Sir Arthur Bryant: The Value of the Monarchy

by The Editor

Sir Arthur Bryant was one of the most popular Conservative historians of the Twentieth century. His book The Spirit of Conservatism (1929) summarised the party's philosophy and its defence of the Monarchy.

Sir Arthur Wynne Morgan Bryant, CH, CBE (18 February 1899 – 22 January 1985)

The King offers something to which the loyalty of a nation, its noblest attribute, may attach. In his person he appeals to the imagination of his subjects; he represents for them all they mean by the sacred word of country, the land of their fathers, their homes, their laws, their liberties. A Parliament, a Council, a Committee, however sensibly and well constituted, can never raise the same passionate and unthinking sentiment of love and devotion as can a King. If a nation is to live, its citizens must be ready to sacrifice all in its service. But for every ten men who would die for their County Council, there are ten thousand who would offer their lives for their King. ‘I cannot contain myself within my door,# wrote Sir Bevil Grenville, ‘when the King of England’s standard waves in the field upon so just occasion—the cause being such as must make all those who die in it little inferior to martyrs. And, for my own, I desire to acquire an honest name or an honourable grave.’ It is this spirit which the State must desire to see in all its citizens; the throne, the sceptre and the crown, can alone inspire it.
    

The King stands for that continuity in human affairs which men, in the pathetic transience of their own lives, so earnestly desire. For, though the life of the King as an individual is as fugitive as any man’s, the life of the King as an institution is enduring. The holder of the title dies: a new King is that very instant of time takes his place. ‘The King is dead,’ the herald cries, ‘God save the King’. The prayer that God may save the King—‘Long may he reign’—is not for the living King alone, but for all the Kings of England, for that long line which for over a thousand years has given to all things English unbroken continuity, has preserved our laws and liberties and given to loyalty a watchword and a rallying point—an English institution, as old and undying as the nation itself. Death comes alike to the bearer of the Crown as to the subject:



This is a sleep
That from this golden rigol hath divorced
So many English kings:--

But in the monarchy itself, the wisdom of our forefathers has left us something ‘which is not for time’s throwing’, and which, in a world of things transient, perpetuates its benefits from generation to generation.

Even in the brief limits of human life, each King affords to his subjects some measure of continuity. The King to-day does not direct the State, but he is the permanent mentor of those who do. They change from Parliament to Parliament, almost from year to year. He alone, during life, does not change. A sovereign, like Queen Victoria, during sixty-four years on the throne, in active and daily touch with every great affair of State and every great man, acquired an unrivalled knowledge of public business. At the end of her reign she was giving to her Ministers the benefit of her vast knowledge and shrewd judgement, gained from her association wit the great men of a previous day who had ruled England before the former were born. In a democratic country where the human agents of Government change so frequently, it is something to have ever at their shoulder the wise and experienced advice of a permanent sovereign.

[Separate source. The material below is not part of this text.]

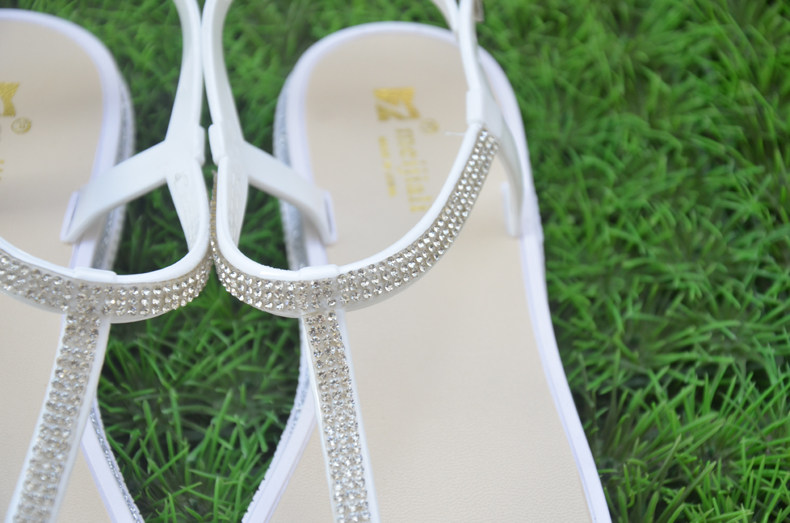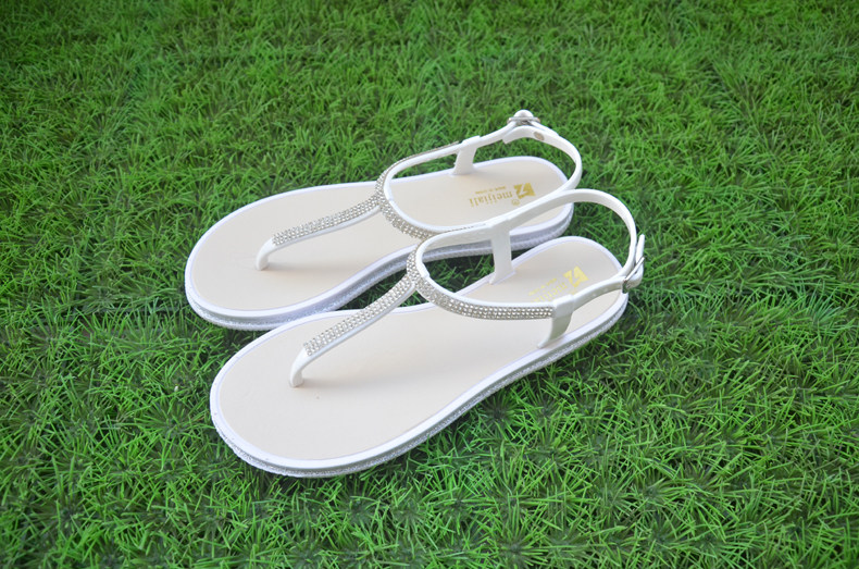 European and American fashion rhinestone women's summer simple and lightweight T-shaped flat herringbone sandals and slippers shoes casual flip-flops

That the crown is hereditary is sometimes held a disadvantage. But since the crown is necessary as a permanent pivot for the forces of government, much would be lost and nothing gained by an elective throne. As it is the King is selected on the same principle as each one of us is selected for his part and place in life—that of birth. He does not have to struggle and push to attain his position and, therefore, does not sustain that loss of natural dignity and generosity, which is too often the price of struggling for place. His position raises no envy and consequently no rift in the Commonwealth, for no one is envious of what can never by any conceivable chance be his. He is avoce faction and above class; and ambition, ‘that last infirmity of noble mind’, cannot touch him, for, though he has much to lose, he has no worldly rank or honour to gain. Through lack of any other, his main interest and ambition must lie in the well-being of his subjects and his position in their eyes. From infancy he is trained, as one set apart for a high calling, for the unusual and exacting duties of his great position.

‘The wisdom of your forefathers,’ wrote Disraeli, ‘placed the prize of supreme power without the sphere of human passions. Whatever the struggle of parties, whatever the strife of factions…there has always been something in this country round which all classes and parties could rally, representing the majesty of the law, and administration of justice, and involving…the security of every man’s right and the fountain of honour.’

    The King is the representative of the whole nation. By birth he represents his countrymen as Adam represents the human race. He belongs to no class and no Party, and the preferment of any one section of his subjects can avail him nothing. His interest is bound up with that of the nation as a whole; he is greatest when all his people are contented, free and noble. He represents the patriot in us all, that part which responds to the claims of common soil, common blood and common laws. With our self-seeking aims, struggling for the preferment of ourselves, our class, our faction, he has no part or interest, for he is placed by his birth and position beyond the need for pettiness. He, the patriot King, is the true democrat—the representative, not of the majority of the people, but of the people themselves.